Larangan Merokok sudah menjadi peraturan di sekolah dan merupakan konvensi yang sudah diketahui dan disepakati oleh orang tua, siswa, guru dan tenaga pendidikan, dan masyarakat. Ironisnya, fenomena di negeriku tercinta INDONESIA nei, peraturan tersebut hanya diperuntukkan bagi “kalangan bawah”. Siswa adalah golongan yang termasuk dalam kasta golongan bawah di sekolah. Kalo ada siswa yang kedapatan merokok, baik diluar lingkungan sekolah lebih-lebih didalam sekolah, maka ia akan divonis telah melakukan pelanggaran yang kemudian akan diproses mulai dari tingkat wali kelas, guru BK, dan kepala sekolah. Apabila tetep aja si pelanggar ntuh ngeyel, tak heran bila terbit surat De-O untuk yang bersangkutan. Sekali lagi, tampaknya larangan merokok hanya diperuntukkan untuk kalangan bawah (siswa). Lantas, bagaimana konsekuensi hukum ini terhadap guru-guru?
Semua siswa sudah tahu bahwa mereka dilarang merokok. Tetapi sebagian dari mereka pasti juga akan menjadi bingung memahami nasehat yang berbunyi “merokok dapat merusak kesehatan”. Bagaimana gak bakalan bingung, lha wong suri tauladan, baik ortu yang dirumah atau guru disekolah, yang sejatinya jadi contoh justru melanggar nasihat tersebut. Pantaslah kalo larangan merokok ini benar-benar hanya diperuntukkan untuk kalangan bawah (waaah… dasar nasib. Dimana2 kalangan bawah pasti cenderung dikucilkan…).

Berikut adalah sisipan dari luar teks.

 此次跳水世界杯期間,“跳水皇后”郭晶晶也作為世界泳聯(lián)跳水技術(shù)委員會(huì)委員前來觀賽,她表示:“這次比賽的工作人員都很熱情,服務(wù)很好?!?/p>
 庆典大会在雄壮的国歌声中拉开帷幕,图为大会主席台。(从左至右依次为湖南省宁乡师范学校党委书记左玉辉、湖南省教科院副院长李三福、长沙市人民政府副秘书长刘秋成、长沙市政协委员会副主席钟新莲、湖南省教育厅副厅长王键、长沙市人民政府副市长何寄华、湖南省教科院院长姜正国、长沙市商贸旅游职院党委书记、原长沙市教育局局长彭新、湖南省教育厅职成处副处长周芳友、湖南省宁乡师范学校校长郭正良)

Demikianlah fenomena yang ada di negeriku nei. Pada umumnya, larangan merokok itu hanya untuk siswa. Barangkali, karena peraturan dan larangan itu dirancang oleh guru, sehingga yang harus mematuhi hanyalah siswa. Sementara itu, guru-guru itu sendiri seolah-olah memiliki hakuntuk kebal terhadap hukum yang dibuat sendiri. Pantaslah kalo banyak guru yang semau gue merokok dilingkungan sekolah.

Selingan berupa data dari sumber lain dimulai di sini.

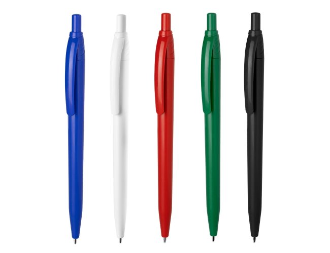 Caneta plástica com carga esferográfica azul 1.0mm e acionamento por clique.

Guru perokok yang bersembunyi saat merokok masih bisa dianggap sebagai guru perokok yang memiliki sopan santun. Namun tak sedikit guru yang seolah-olah memperlihatkan kekuasaannya. Misal: dengan entengnya minta tolong kepada siswa untuk dibelikan rokok dan merokok didepan murid dengan seenaknya. Bahkan ada pula guru yang dengan arogannya merokok didalam kelas saat menyampaikan pelajaran yang diampunya. Kalo udah begini, bisa saja berlaku peribahasa “guru kencing berdiri, murid kencing berlari”. Jika guru memberikan suri tauladan yang jelek, tentu siswa mereka akan bertingkah yang lebih buruk lagi. Bila guru adalah perokok yang hebat disekolah, jangan salahkan siswa jika kelak dia akan menjadi pemakai narkoba dan penenggak minuman keras yang tidak kalah hebatnya dengan sang maestro disekolahnya dulu.
Ini hanyalah wacana yang terbaca oleh anda. Memang perlu disadari, membicarakan tentang rokok, maka akan melibatkan banyak hal dan pula banyak stakeholder yang terlibat didalamnya. Namun ini adalah sebuah wacana yang juga merupakan satu dari beberapa bagian yang mesti disangkutkan untuk dihadirkan ketika membicarakan masalah rokok.
Nb: adapted from a book I’ve read nowadays ==> School Healing menyembuhkan problem sekolah.